It might be me, but I just don't feel the PC platform is comparable enough in market philosophy to consoles to even warrant concern behind "Xbox exclusives" making their way to both services instead of just the one.
Microsoft/Sony/Nintendo exclusives make sense as business as you the customer are buying into a locked hardware ecosystem financed and controlled by the parent company. You adhere to their rules, their services, their design, and in return receive access to buying exclusive software. Buying an Xbox/PlayStation/WiiU is like buying a hardware license to further purchase very specific software. Ergo the bread and butter of this business, that being gaming hardware, is to provide said software as exclusives to tempt a long term investment in the hardware itself.
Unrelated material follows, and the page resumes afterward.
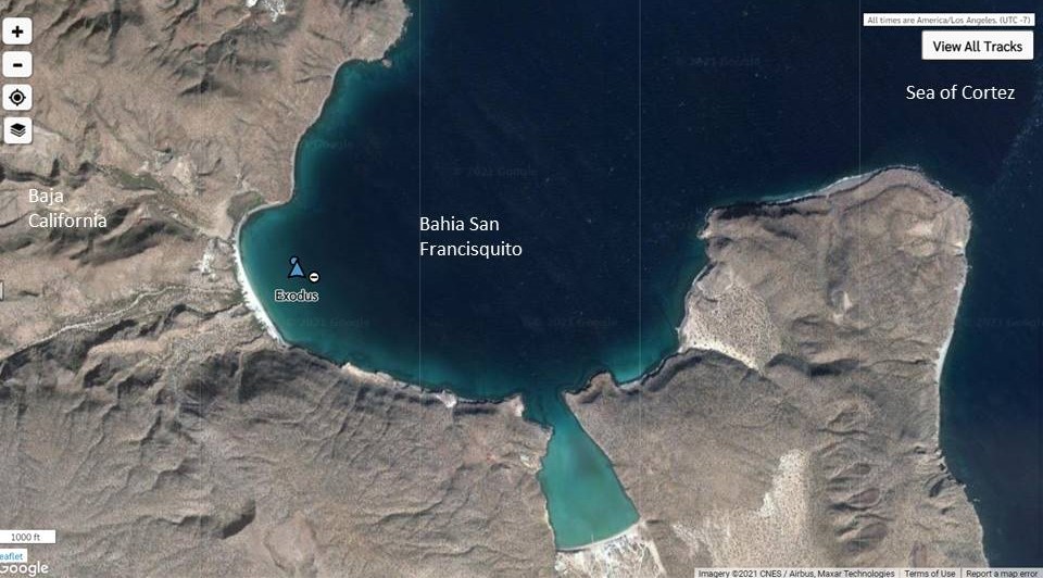 We made it to Bahia San Francisquito earlier this morning. It was a pretty uneventful 2 night passage with steady wind in the 10-15 kt range from mostly behind us. The boys caught 2 Dorado yesterday, so we had a sashimi appetizer last night and will have fish tacos tonight. All is well on board Exodus.
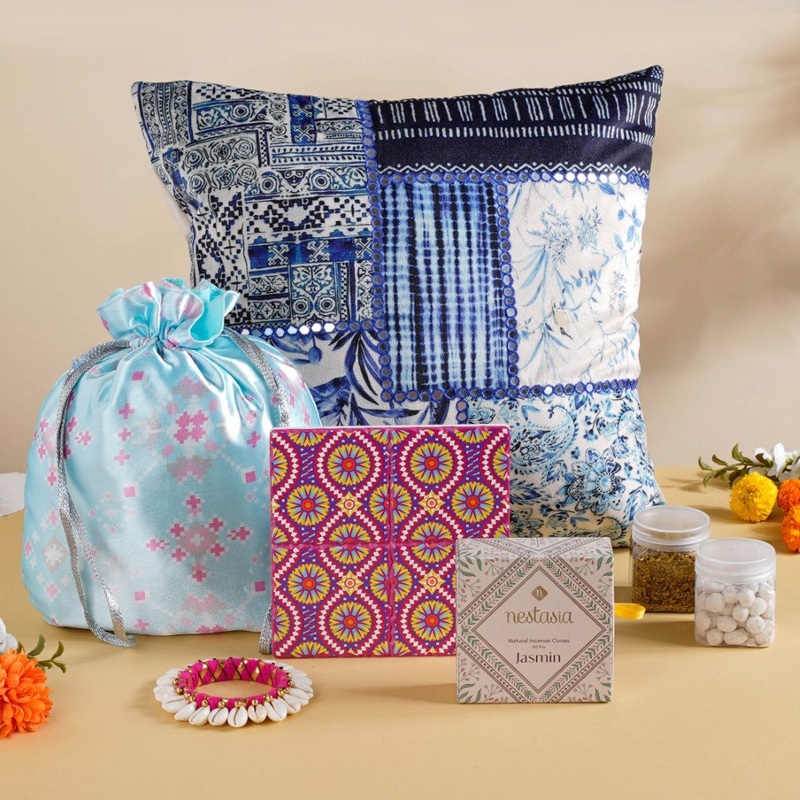 Nestip: The cushion cover from the wedding hamper can be used to adorn the living room couch and make it look more welcoming and cosy.

The reality is that PC is not comparable as it is not a locked or controlled ecosystem by nature. Specific services within the PC ecosystem can be locked and controlled, but that's the point; they're optional and this itself is the competitive business. Sony/Microsoft/Nintendo compete with hardware space via software. The PC business is different, and instead publishers generally compete with services via software. And these services can be applied to any number of hardware configurations and designs that do not benefit the service provider/publisher with a monetary return.
Microsoft wants you to buy Quantum Break on Xbox One, because the assumption is that if you buy an Xbox One you probably game a lot on consoles, and they want you gaming in their console instead of the similar PlayStation 4 ecosystem, given a majority of software is a crossover between the two. Meanwhile people who game primarily on PC generally don't see the consoles as competitors, but instead a separate ecosystem. They might buy an Xbox One exclusively to play Quantum Break, but that's likely going to be where it begins and ends, sans other Xbox One exclusives. In short, they won't buy into the entire console software ecosystem, as they're already invested in one.
By providing "Xbox One exclusive" games on PC they are competing as a service, not as a platform, in an ecosystem that is all about services and not platforms.